DATA TO PROCESS -
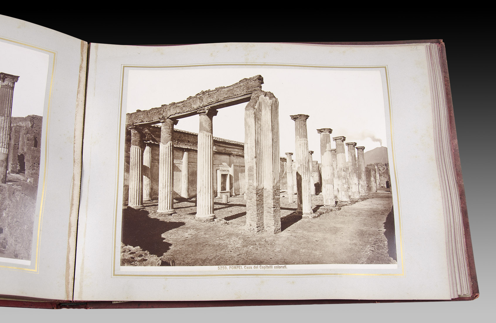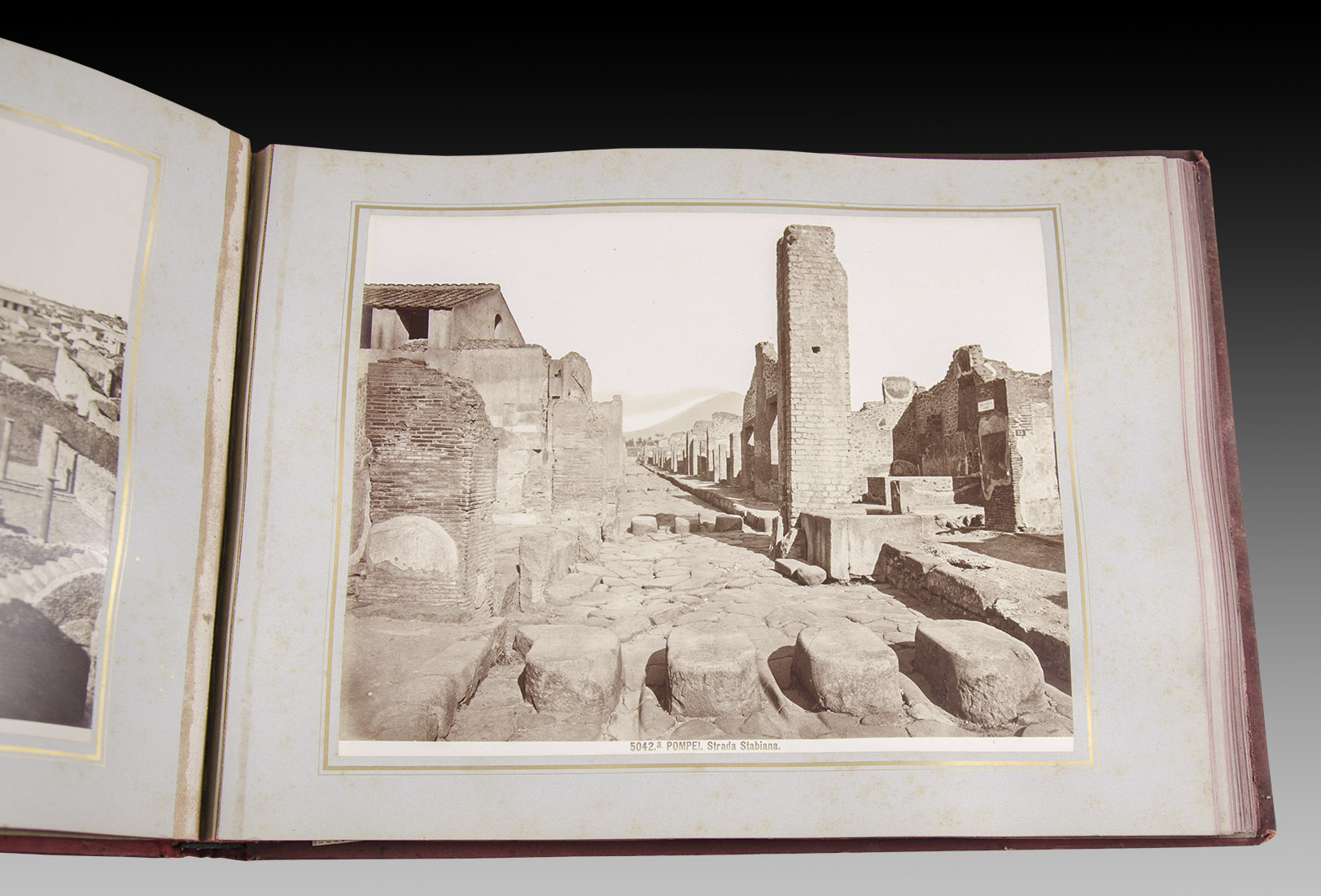 El álbum que aquí ofrecemos es de especial importancia y por dos motivos; en primer lugar por la elección del proceso de fotolitografía que deriva en una calidad de imagen superior y, el segundo, por el generoso tamaño de sus copias que permiten visualizar hasta los pequeños detalles urbanos. Hoy podemos viajar a la Pompeya del siglo XIX a través de estas maravillosas imágenes que, con sus 50 grandes ventanas, rescatan la gran civilización del Imperio Romano.
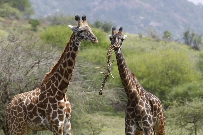 Жирафи живуть не лише на відкритих саванах. Вони з легкістю забираються на схили і подорожують горами і пагорбами, незважаючи на незграбність. Автор: Варвара Дронова.
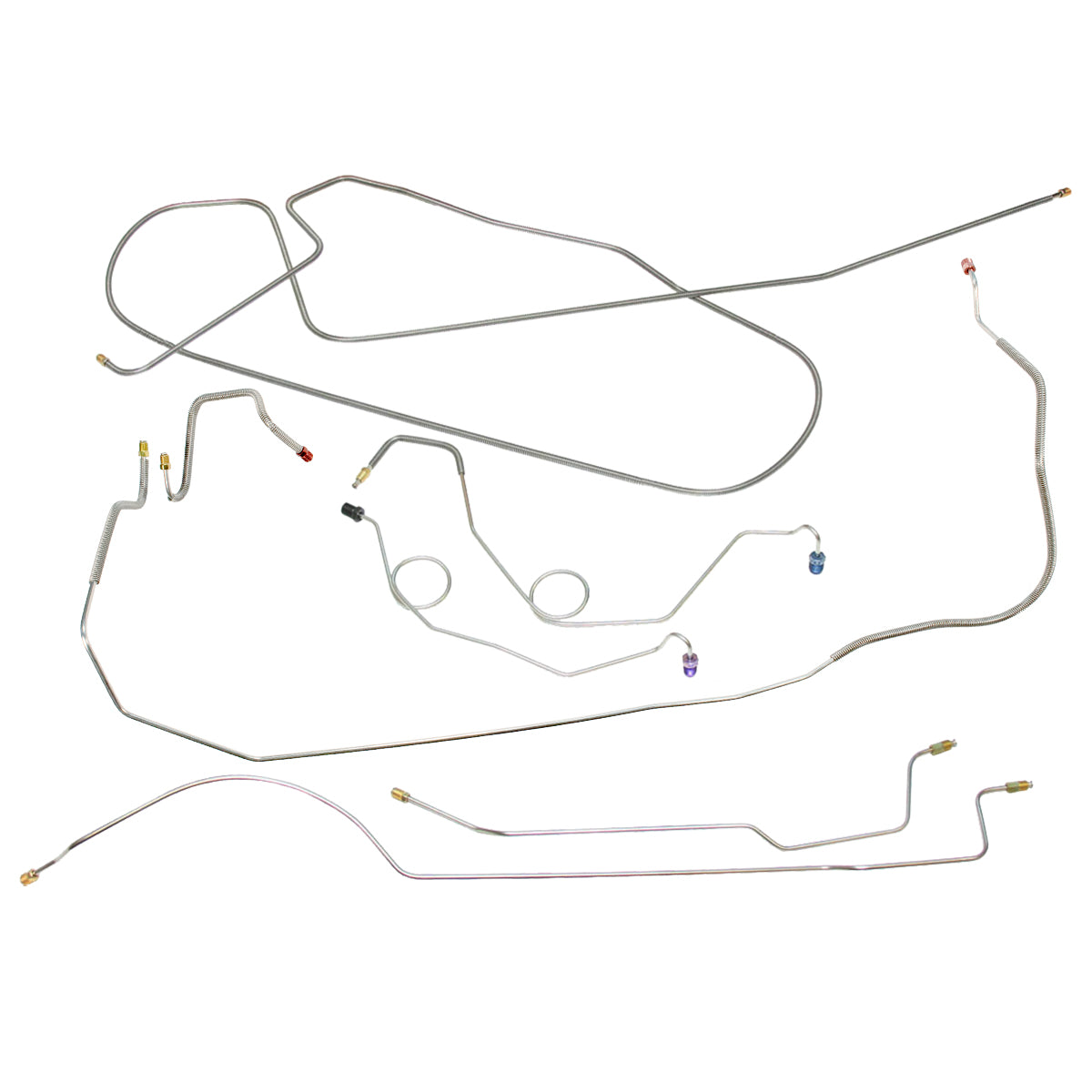 This preformed complete brake line kit will replace all the metal brake lines on your vehicle and includes the master cylinder lines, left front line and right-front crossover line, intermediate lines, and rear axle lines/trailing arm lines.
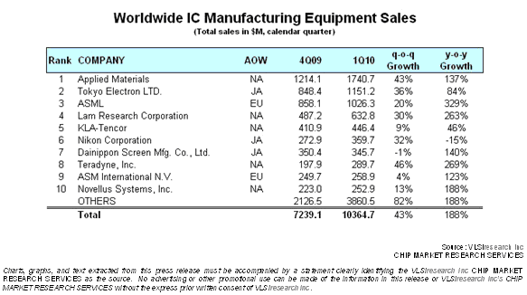 在VLSI 7月初發(fā)布的2010年Q1半導(dǎo)體設(shè)備公司銷售統(tǒng)計(jì)中,中小公司的業(yè)績(jī)?cè)龇_(dá)到了82%。由于SOC測(cè)試的增長(zhǎng),Teradyne以46%的季度增幅列前10名設(shè)備公司增幅榜首。穩(wěn)居業(yè)界老大寶座的Applied Materials增幅與整個(gè)業(yè)界持平,為43%。半導(dǎo)體設(shè)備Q1的總銷售額達(dá)到了104億美元,面對(duì)市場(chǎng)的普遍反彈,業(yè)界一片歡呼。相信下周 SEMICON West的party也將成為普天同慶的盛會(huì)。
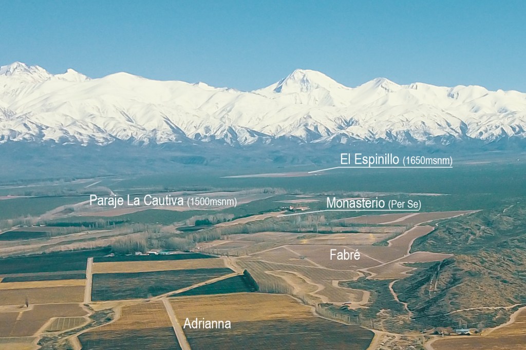 ¿Qué vemos? Lo primero son los viñedos que se aprietan contra una sierra que aparece a la derecha. Estamos en la porción más alta de Gualtallary, donde los viñedos aparecieron recién hace dos décadas o menos. Los viñedos del monasterio se distinguen fácilmente, están elevados respecto al resto, plantados sobre la última costilla sur de las sierras. Más arriba está el paraje de La Cautiva, región de rápido desarrollo en estos últimos años y con muchos proyectos por ver la luz super interesantes. Por último y casi descolgado, está la viña más alta del valle de Uco de más de 5 hectáreas, en una zona ya límite a causa del clima.
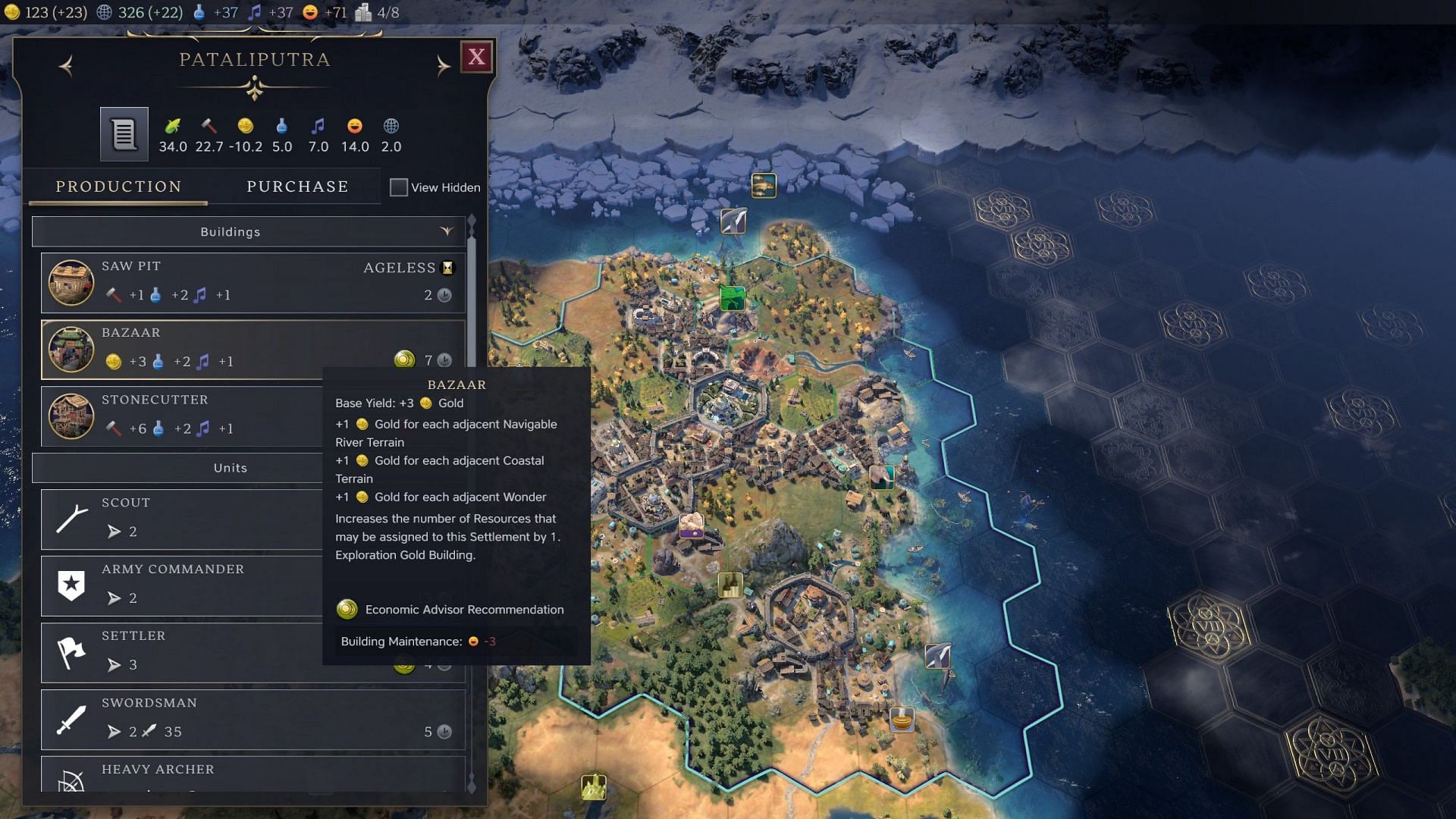At the start of the exploration age, a new section of the world map becomes available, but you cannot sail into the deep ocean right away. To reach these uncharted lands, you need to research cartography, which allows civilian and support units to move across deep waters.
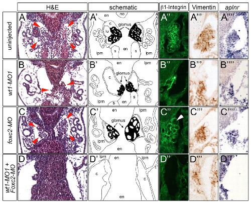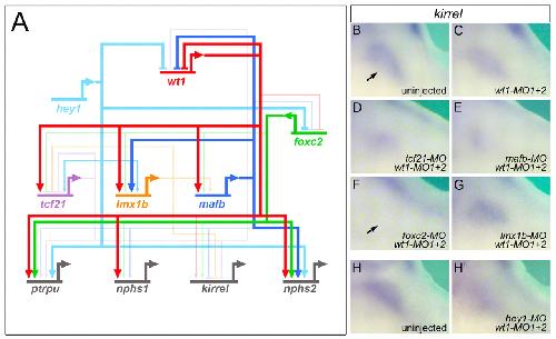 ???displayArticle.abstract??? Podocytes are highly specialized cells in the vertebrate kidney. They participate in the formation of the size-exclusion barrier of the glomerulus/glomus and recruit mesangial and endothelial cells to form a mature glomerulus. At least six transcription factors (wt1, foxc2, hey1, tcf21, lmx1b and mafb) are known to be involved in podocyte specification, but how they interact to drive the differentiation program is unknown. The Xenopus pronephros was used as a paradigm to address this question. All six podocyte transcription factors were systematically eliminated by antisense morpholino oligomers. Changes in the expression of the podocyte transcription factors and of four selected markers of terminal differentiation (nphs1, kirrel, ptpru and nphs2) were analyzed by in situ hybridization. The data were assembled into a transcriptional regulatory network for podocyte development. Although eliminating the six transcription factors individually interfered with aspects of podocyte development, no single gene regulated the entire differentiation program. Only the combined knockdown of wt1 and foxc2 resulted in a loss of all podocyte marker gene expression. Gain-of-function studies showed that wt1 and foxc2 were sufficient to increase podocyte gene expression within the glomus proper. However, the combination of wt1, foxc2 and Notch signaling was required for ectopic expression in ventral marginal zone explants. Together, this approach demonstrates how complex interactions are required for the correct spatiotemporal execution of the podocyte gene expression program.
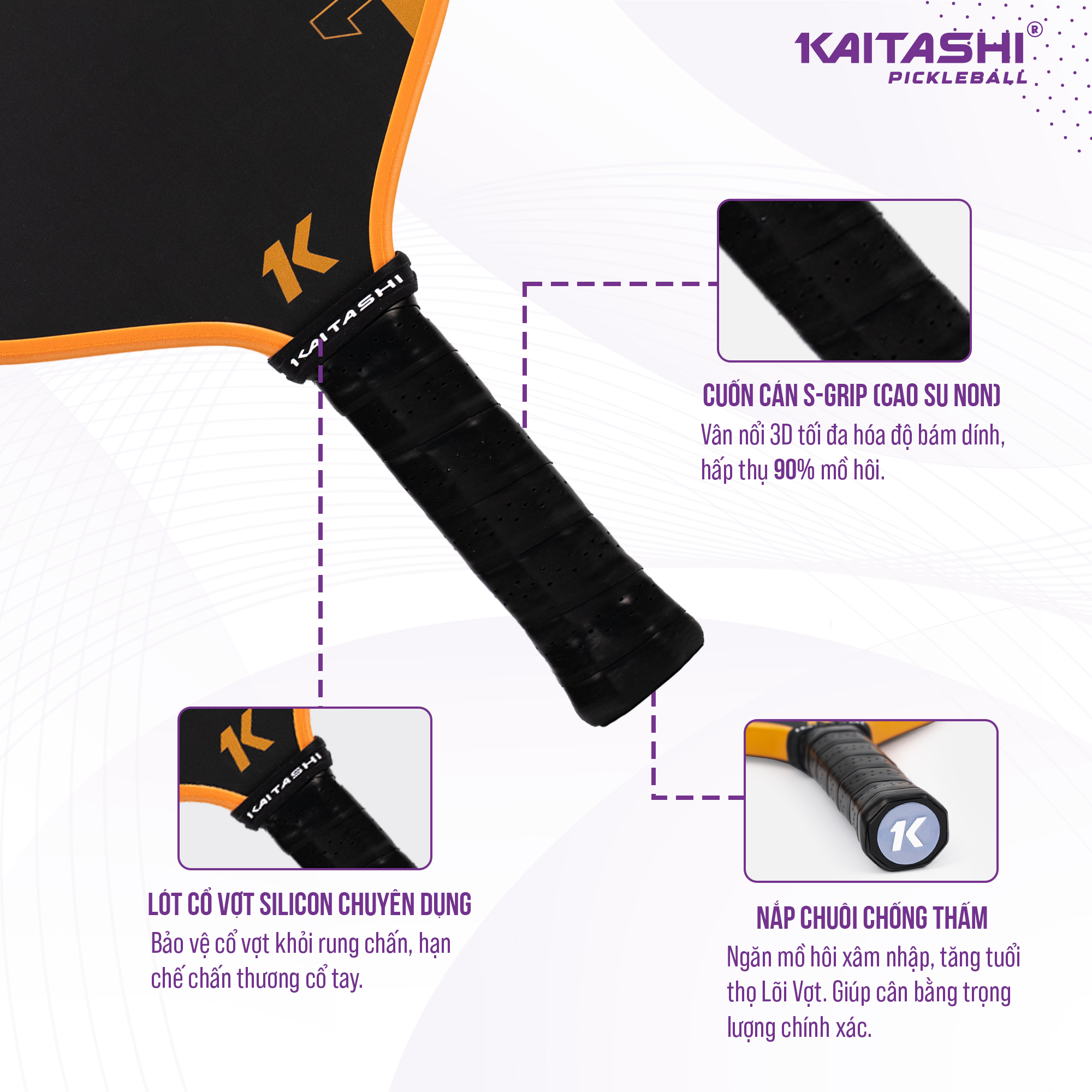 Tay cầm Kaitashi Kai Power Pro được thiết kế tỉ mỉ với lớp bọt xốp epoxy đàn hồi cao kết hợp da PU mềm mịn, mang lại cảm giác êm ái, chắc tay và chống trơn trượt hiệu quả ngay cả khi chơi trong thời gian dài. Cấu trúc tay cầm tối ưu giúp phân bổ lực đồng đều, giảm áp lực lên cổ tay và tăng độ ổn định cho từng cú đánh, mang đến trải nghiệm cầm nắm thoải mái và tự tin trên mọi sân đấu.
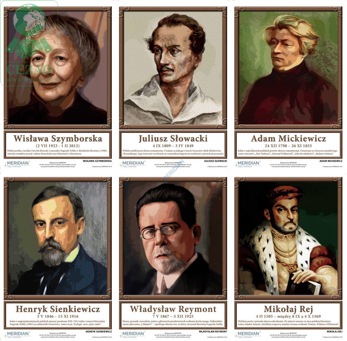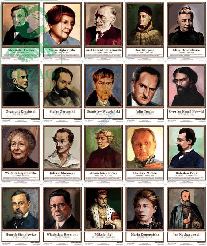 Portrety pisarzy polskich - komplet 21 plansz dydaktycznych
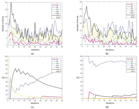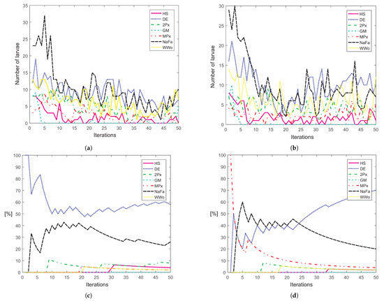 Regarding the computational performance of the CRO-SL in this problem, Figure 6a,b shows the number of larvae (potential solutions to the problem) getting into the reef per substrate, over the iterations. Note that a new individual can enter in the population on a random place, if its associated fitness value is better than the occupied one, or if the place is empty. Due to the initial hollows in the reef, in the first iterations of the algorithm’s run there is a higher probability to enter, independently of the quality of solutions, so this number is usually greater at the beginning of the algorithm’s run. In Figure 6c,d, the accumulative ratio of times that each substrate is producing the best larva is shown. It is remarkable that the best larva might not be better than the fittest coral of the reef. Regarding both figures, it can be pointed out that DE and NaFa substrates are good in search space exploration and exploitation. On the one side, they get into the reef a higher amount of larvae, which means, that they usually produce fitter individuals that the existed ones in the reef. It can be observed that GM does not show a good performance, as the solutions proposed by this method never fit in the reef. In addition, note that around 50% and 30% of the iterations these substrates, respectively, are producing the best larva in the linear model. Furthermore, in the nonlinear model DE substrate reaches the 80%. Other substrates such as HS, GM, MPx, or 2Px, are not producing fitted individuals because they are collaborating in a further exploration of the search space, instead of its exploitation.
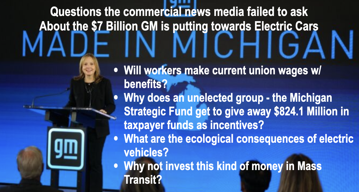 The commercial news media has been treating this announcement as good news for the state, with almost celebratory coverage across the board. What we don’t find in the reporting since this announcement, is much critical inquiry or even basic questions/information that might be useful to Michigan residents. Here are a few things to ponder with the GM announcement.

PROBLEM STATEMENT -
The answer should consist of every line above, exact and free of images.

EXERCISE RESPONSE -
 El álbum que aquí ofrecemos es de especial importancia y por dos motivos; en primer lugar por la elección del proceso de fotolitografía que deriva en una calidad de imagen superior y, el segundo, por el generoso tamaño de sus copias que permiten visualizar hasta los pequeños detalles urbanos. Hoy podemos viajar a la Pompeya del siglo XIX a través de estas maravillosas imágenes que, con sus 50 grandes ventanas, rescatan la gran civilización del Imperio Romano.
 Жирафи живуть не лише на відкритих саванах. Вони з легкістю забираються на схили і подорожують горами і пагорбами, незважаючи на незграбність. Автор: Варвара Дронова.
 This preformed complete brake line kit will replace all the metal brake lines on your vehicle and includes the master cylinder lines, left front line and right-front crossover line, intermediate lines, and rear axle lines/trailing arm lines.
 在VLSI 7月初發(fā)布的2010年Q1半導(dǎo)體設(shè)備公司銷售統(tǒng)計(jì)中,中小公司的業(yè)績(jī)?cè)龇_(dá)到了82%。由于SOC測(cè)試的增長(zhǎng),Teradyne以46%的季度增幅列前10名設(shè)備公司增幅榜首。穩(wěn)居業(yè)界老大寶座的Applied Materials增幅與整個(gè)業(yè)界持平,為43%。半導(dǎo)體設(shè)備Q1的總銷售額達(dá)到了104億美元,面對(duì)市場(chǎng)的普遍反彈,業(yè)界一片歡呼。相信下周 SEMICON West的party也將成為普天同慶的盛會(huì)。
 ¿Qué vemos? Lo primero son los viñedos que se aprietan contra una sierra que aparece a la derecha. Estamos en la porción más alta de Gualtallary, donde los viñedos aparecieron recién hace dos décadas o menos. Los viñedos del monasterio se distinguen fácilmente, están elevados respecto al resto, plantados sobre la última costilla sur de las sierras. Más arriba está el paraje de La Cautiva, región de rápido desarrollo en estos últimos años y con muchos proyectos por ver la luz super interesantes. Por último y casi descolgado, está la viña más alta del valle de Uco de más de 5 hectáreas, en una zona ya límite a causa del clima.
At the start of the exploration age, a new section of the world map becomes available, but you cannot sail into the deep ocean right away. To reach these uncharted lands, you need to research cartography, which allows civilian and support units to move across deep waters.
 ???displayArticle.abstract??? Podocytes are highly specialized cells in the vertebrate kidney. They participate in the formation of the size-exclusion barrier of the glomerulus/glomus and recruit mesangial and endothelial cells to form a mature glomerulus. At least six transcription factors (wt1, foxc2, hey1, tcf21, lmx1b and mafb) are known to be involved in podocyte specification, but how they interact to drive the differentiation program is unknown. The Xenopus pronephros was used as a paradigm to address this question. All six podocyte transcription factors were systematically eliminated by antisense morpholino oligomers. Changes in the expression of the podocyte transcription factors and of four selected markers of terminal differentiation (nphs1, kirrel, ptpru and nphs2) were analyzed by in situ hybridization. The data were assembled into a transcriptional regulatory network for podocyte development. Although eliminating the six transcription factors individually interfered with aspects of podocyte development, no single gene regulated the entire differentiation program. Only the combined knockdown of wt1 and foxc2 resulted in a loss of all podocyte marker gene expression. Gain-of-function studies showed that wt1 and foxc2 were sufficient to increase podocyte gene expression within the glomus proper. However, the combination of wt1, foxc2 and Notch signaling was required for ectopic expression in ventral marginal zone explants. Together, this approach demonstrates how complex interactions are required for the correct spatiotemporal execution of the podocyte gene expression program.
 Tay cầm Kaitashi Kai Power Pro được thiết kế tỉ mỉ với lớp bọt xốp epoxy đàn hồi cao kết hợp da PU mềm mịn, mang lại cảm giác êm ái, chắc tay và chống trơn trượt hiệu quả ngay cả khi chơi trong thời gian dài. Cấu trúc tay cầm tối ưu giúp phân bổ lực đồng đều, giảm áp lực lên cổ tay và tăng độ ổn định cho từng cú đánh, mang đến trải nghiệm cầm nắm thoải mái và tự tin trên mọi sân đấu.
 Portrety pisarzy polskich - komplet 21 plansz dydaktycznych
 Regarding the computational performance of the CRO-SL in this problem, Figure 6a,b shows the number of larvae (potential solutions to the problem) getting into the reef per substrate, over the iterations. Note that a new individual can enter in the population on a random place, if its associated fitness value is better than the occupied one, or if the place is empty. Due to the initial hollows in the reef, in the first iterations of the algorithm’s run there is a higher probability to enter, independently of the quality of solutions, so this number is usually greater at the beginning of the algorithm’s run. In Figure 6c,d, the accumulative ratio of times that each substrate is producing the best larva is shown. It is remarkable that the best larva might not be better than the fittest coral of the reef. Regarding both figures, it can be pointed out that DE and NaFa substrates are good in search space exploration and exploitation. On the one side, they get into the reef a higher amount of larvae, which means, that they usually produce fitter individuals that the existed ones in the reef. It can be observed that GM does not show a good performance, as the solutions proposed by this method never fit in the reef. In addition, note that around 50% and 30% of the iterations these substrates, respectively, are producing the best larva in the linear model. Furthermore, in the nonlinear model DE substrate reaches the 80%. Other substrates such as HS, GM, MPx, or 2Px, are not producing fitted individuals because they are collaborating in a further exploration of the search space, instead of its exploitation.
 The commercial news media has been treating this announcement as good news for the state, with almost celebratory coverage across the board. What we don’t find in the reporting since this announcement, is much critical inquiry or even basic questions/information that might be useful to Michigan residents. Here are a few things to ponder with the GM announcement.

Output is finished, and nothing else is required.